E
Apr/May 2012 Poetry Special Feature

Insurgence

by Barbara De Franceschi


Insurgence

You enter his room, an heirloom of bravery and endless triumphs. The bed—weaves and ebbs un-slept in. There is nothing here to soothe you, not even his smell—the winged freedom of Blue Stratos overpowered by garlic skulking from an empty twenty-four-seven pizza box.

Perhaps if you squint into the late afternoon light carousing through an open window, a hair might float on a sun-shaft, you can snatch it to your breast as though he still inhabits the strand.

You notice the bookshelves, full and glossy, much like him, full and glossy beyond logic. If the car broke down you were meant to walk, gardens intimate with spring were best seen on foot. When the hens stopped producing eggs it was time to give the vegan thing a go, and the daughter's boyfriend couldn't help inheriting genes that produced the look of a brutish lout.
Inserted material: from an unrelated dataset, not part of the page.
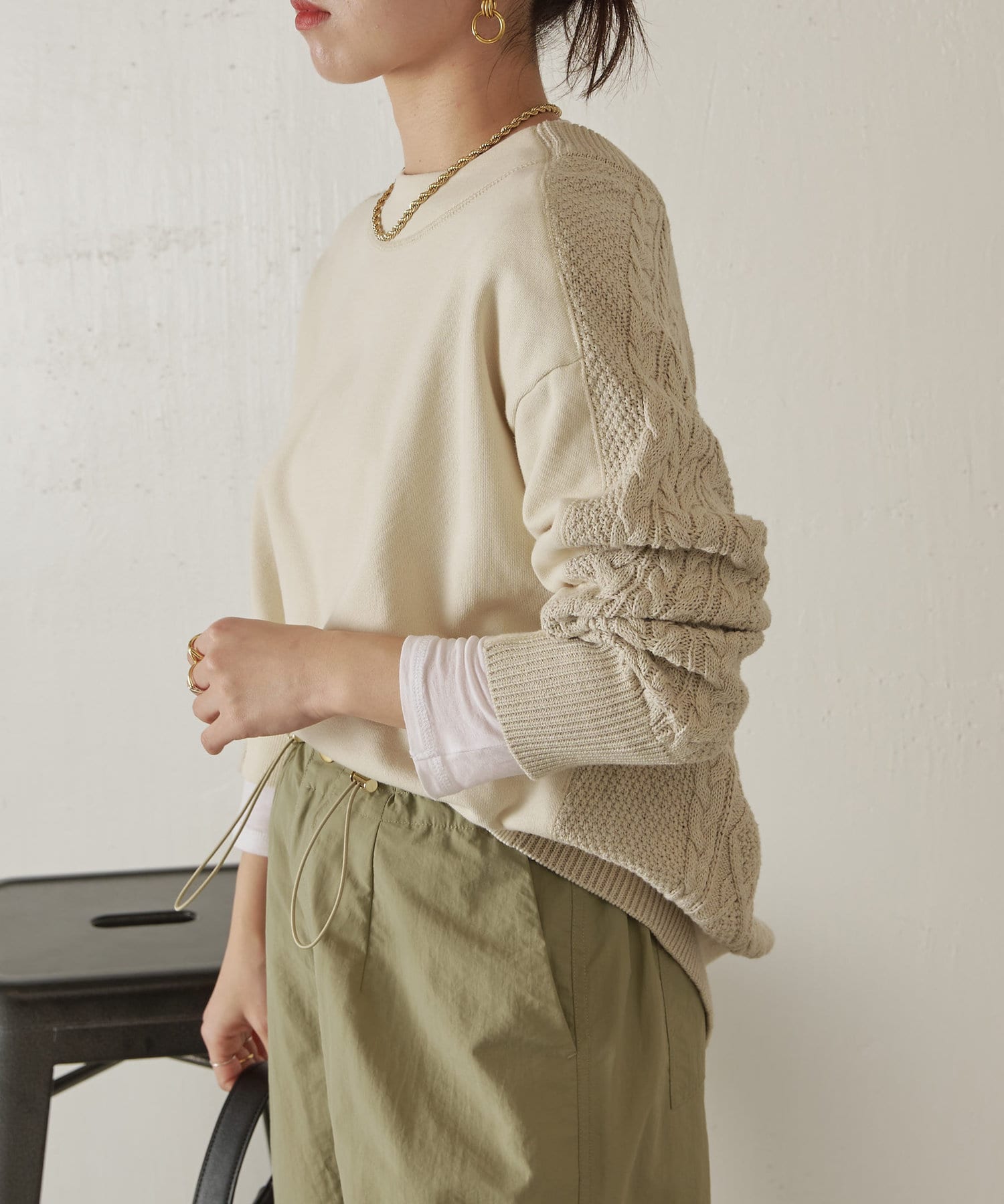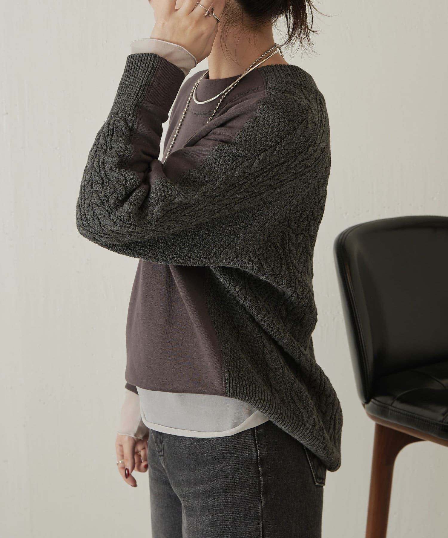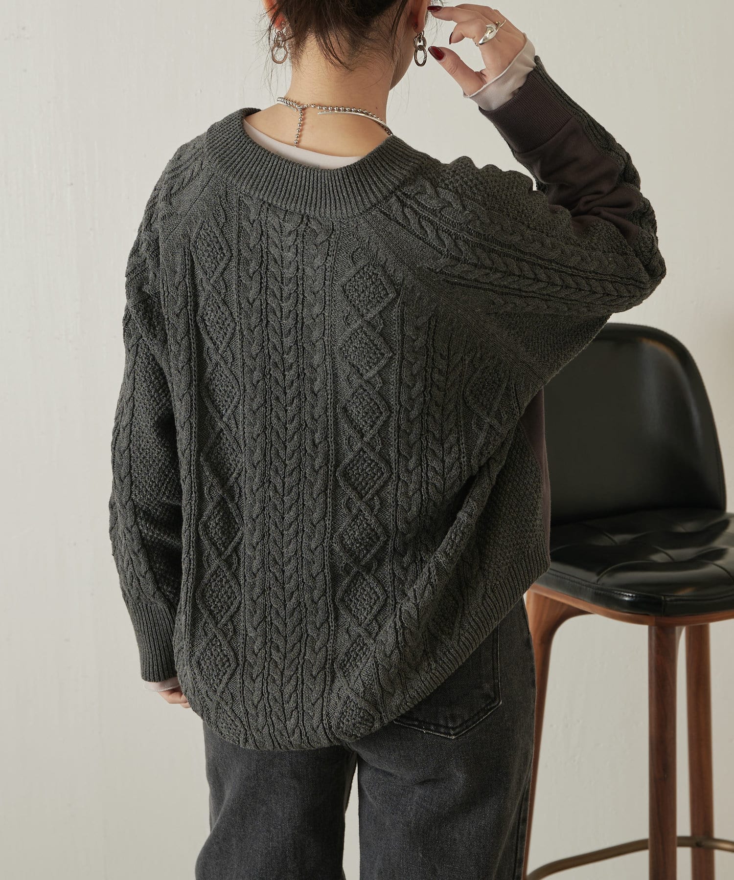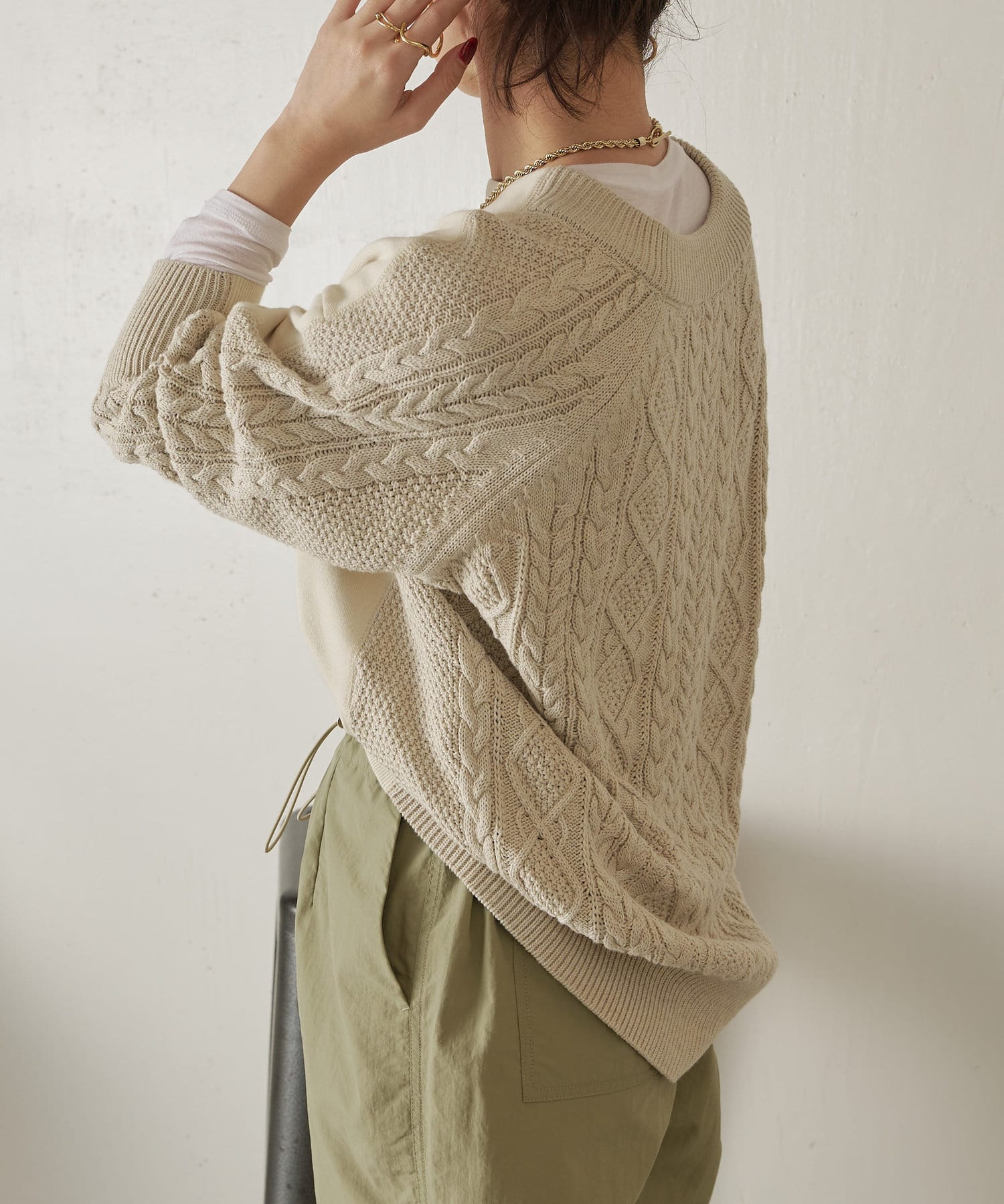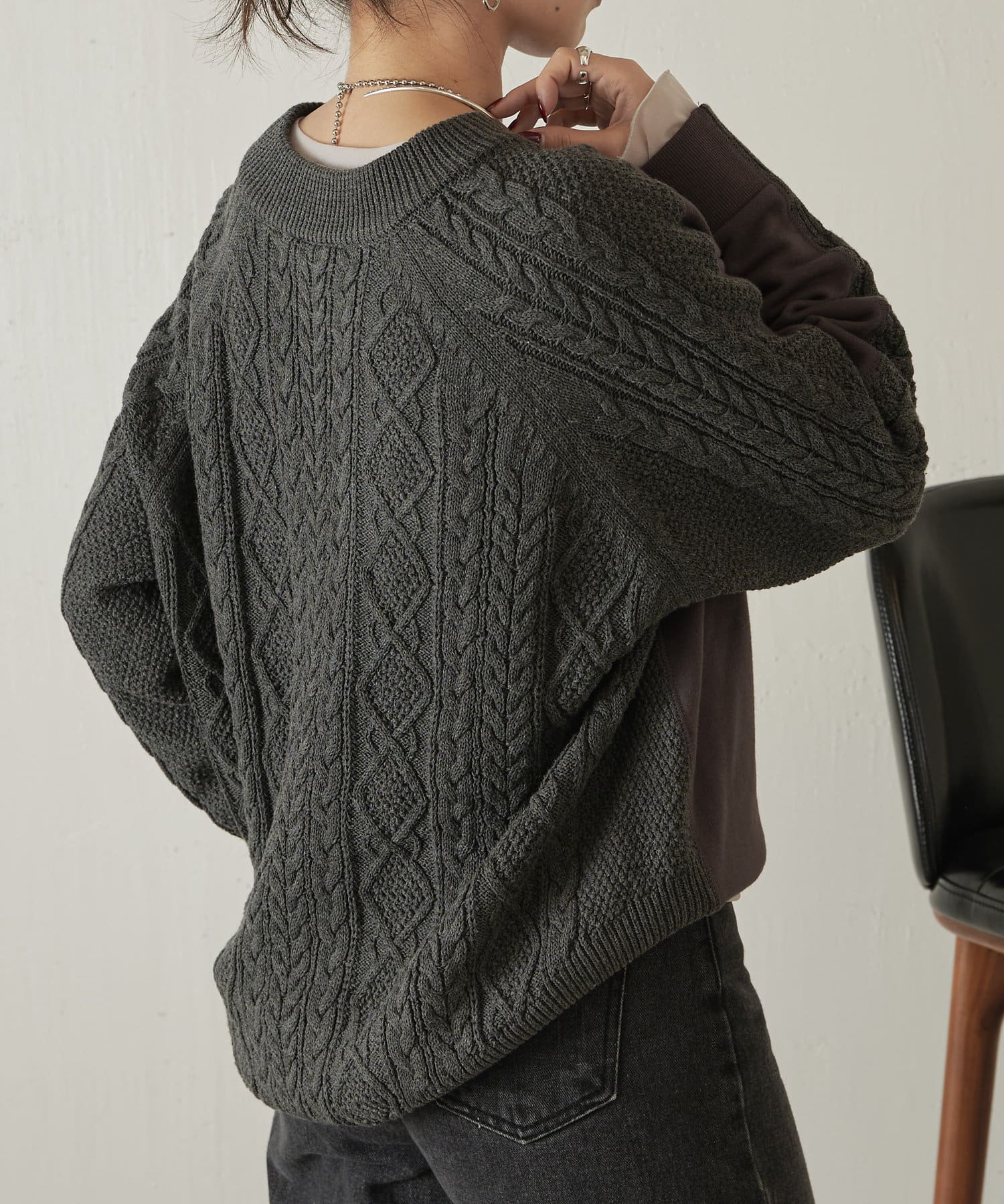 ・ケーブルニットとドッキングされた前後の大胆な切替が、他にはない一枚。

This morning his reflection in the bathroom mirror was not pasty, merely fluorescently over-lit, the gauntness in his cheeks defined as effective gluten free.

How do I look? He had asked, God forbid you should lie; instead you kissed the top of his head, wound a woollen scarf around his neck and drove to places perched on the edge of normality. Tool shop for one more spanner, latte in the town square, beyond the urban boundary the reservoir where fresh water mermaids offered salaams in ripple code.

Then back to this room—turned now like you to anarchy.